== Segment start ==

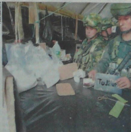
EN LOS LABORATORIOS HABÍA 390 kilos de clorhidrato de cocaína y al menos 99 kilos de base de coca.

Miembros de la Policía y del Ejército se adentraron en la zona boscosa de las veredas El Serpentino y Socuavo de Tibú, para dismantelar y destruir un complejo cocalero del Ejército de Liberación Nacional (Eln), valorado en al menos 4.500 millones de pesos.
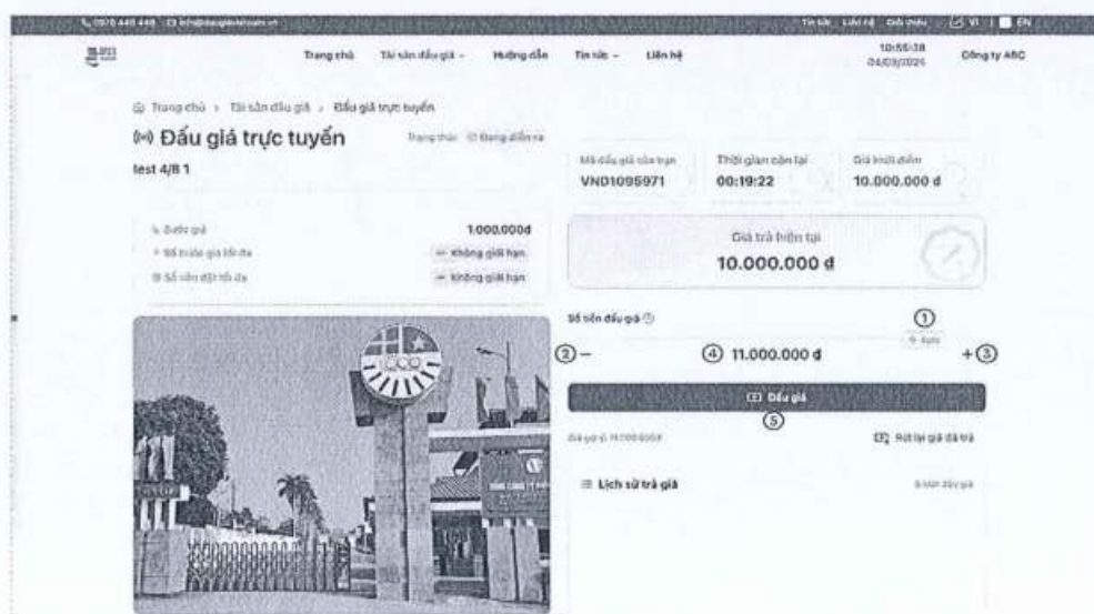
(Hình ảnh minh họa giao diện trả giá trong thời gian đấu giá)

b) Trả giá: Người tham gia đấu giá có thể trả giá liên tục và trả giá nhiều lần trong thời gian đấu giá, không hạn chế số lần trả giá của người tham gia đấu giá. Phiên đấu giá kết thúc khi hết thời gian đấu giá.
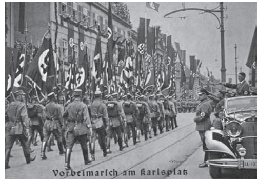
NS-Parade auf dem ehemaligen Karlsplatz, 6. November 1938

Die größten politischen Feierlichkeiten fanden hier vom 4. bis 6. November 1938 anlässlich des 10. Gautages Thüringen statt. Dazu hatte man das Reiterstandbild Großherzog Carl Alexanders (1907), von dem heute wieder der beschädigte Sockel zu sehen ist, eigens entfernt und auf den heutigen Buchenwaldplatz versetzt (siehe Station 1), um Platz für die Ehrentribüne des »Führers« zu schaffen.
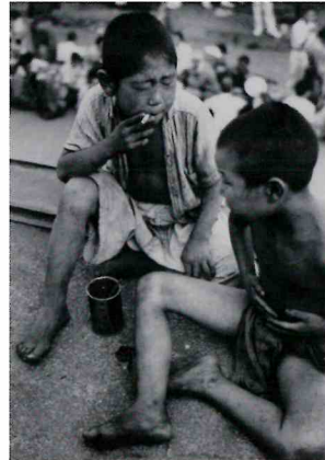
東京都・上野駅 昭和21年(1946) | 林忠彦 《煙草をくゆらす被災孤児》
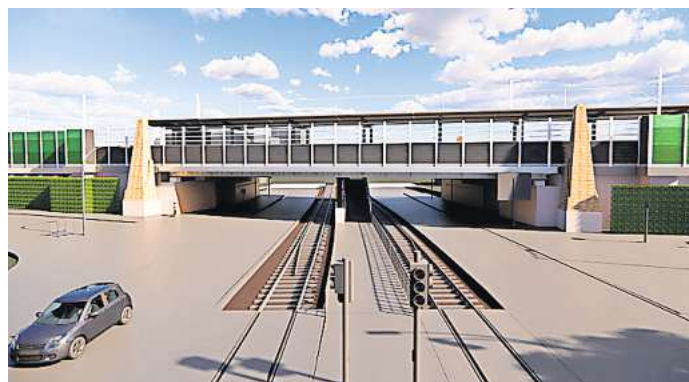
Gleiswechsel: Der Bau der S-Bahn Station Waldhausen soll im Jahr 2026 beginnen. Visualisierung: Bahn AG

Pläne für einen S-Bahn-Halt am Braunschweiger Platz hat die Region schon länger, sie sind aber nach wie vor in einem frühen Stadium. Kernthema ist, ob Fahrgäste aus der S-Bahn mit einem Fahrstuhl direkt in die U-
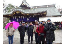
1/12 青年の会 初詣
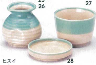
ヒスイ 351-25-31B 840円 1号そば徳利 10×8入 約200cc 351-26-31B 1,000円 2号そば徳利 10×6入 約300cc 351-27-31B 520円 1号そば猪口 100入 8.3×6.1cm 351-28-31B 380円 切立薬味皿 210入 8.7×1.8cm
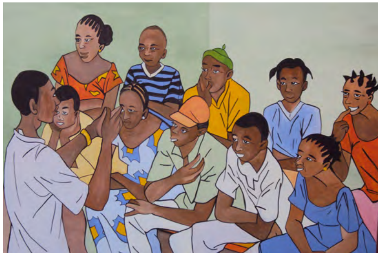
Fresque murale représentant une séance d'éducation au risque

A cet effet, il sera étendu aux zones non encore couvertes par les activités d'éducation au risque.
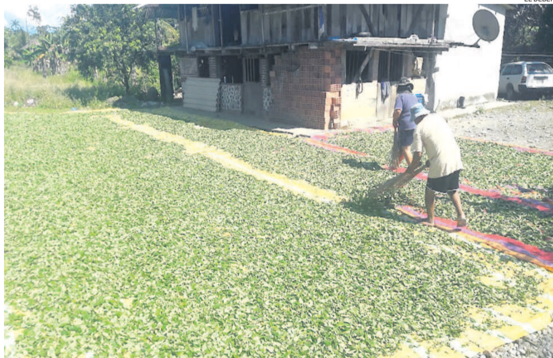
Los cocaleros del Chapare secan su coca en sus domicilios y desconocen dónde va su producto.

La autoridad dijo que el único detenido hasta ahora -quien confesó haber matado a cuatro personas- es dirigente de las federaciones cocaleras del trópico de Cochabamba. Lo mismo que otros participantes de este macabro hecho.
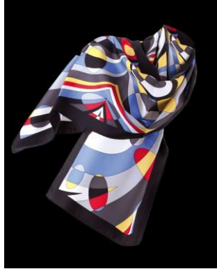
OASIS Exclusive, Russland
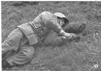
Mit einfachem Hebeldruck läßt sich oft der ringsum abgestochene Rasen- zettel abheben. Souvent, une simple pression sur le manche de la bêche permet d'arracher d'un seul coup la moite de terre préalablement décapée. Non di rado, appoggiando leggermente sul manico dell'attrezzo, si può levare tutta la zolla erbosa tagliata intorno.
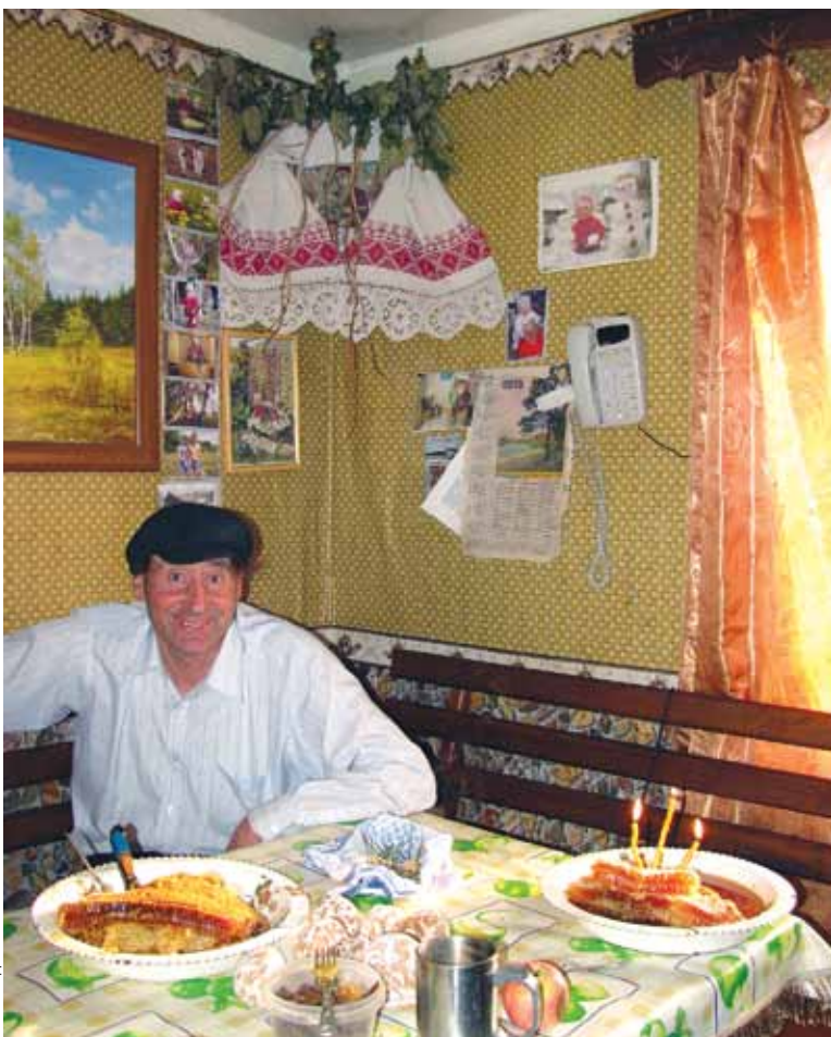
Пчальяр з вёскі Судзілы Клімавіцкага раёна ў сваёй хаце

Уздоўж сцен ад кута ішлі лавы: звычайна яны стаялі акурат пад вокнамі. Напрыклад, ва Усходняй
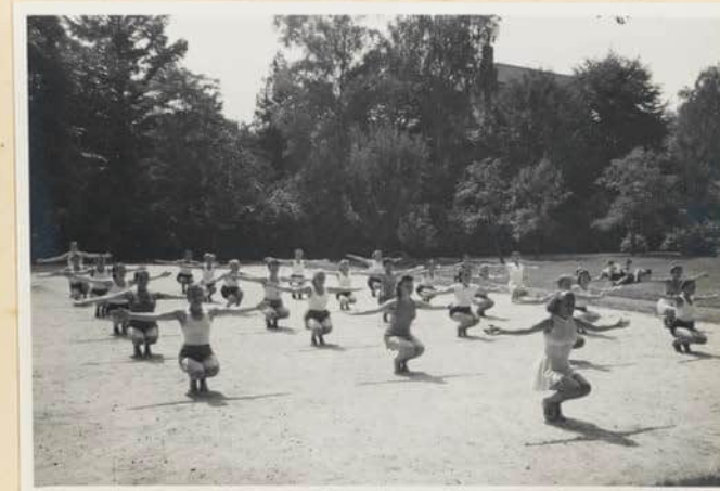
Die Teilnehmerinnen des Lagers bei Sport und Spiel

== Segment end ==

◆ Prompt ◆
Which lines in the records above contain the string "menos"? Copy them.

◆ Answer to this problem ◆
EN LOS LABORATORIOS HABÍA 390 kilos de clorhidrato de cocaína y al menos 99 kilos de base de coca.
Miembros de la Policía y del Ejército se adentraron en la zona boscosa de las veredas El Serpentino y Socuavo de Tibú, para dismantelar y destruir un complejo cocalero del Ejército de Liberación Nacional (Eln), valorado en al menos 4.500 millones de pesos.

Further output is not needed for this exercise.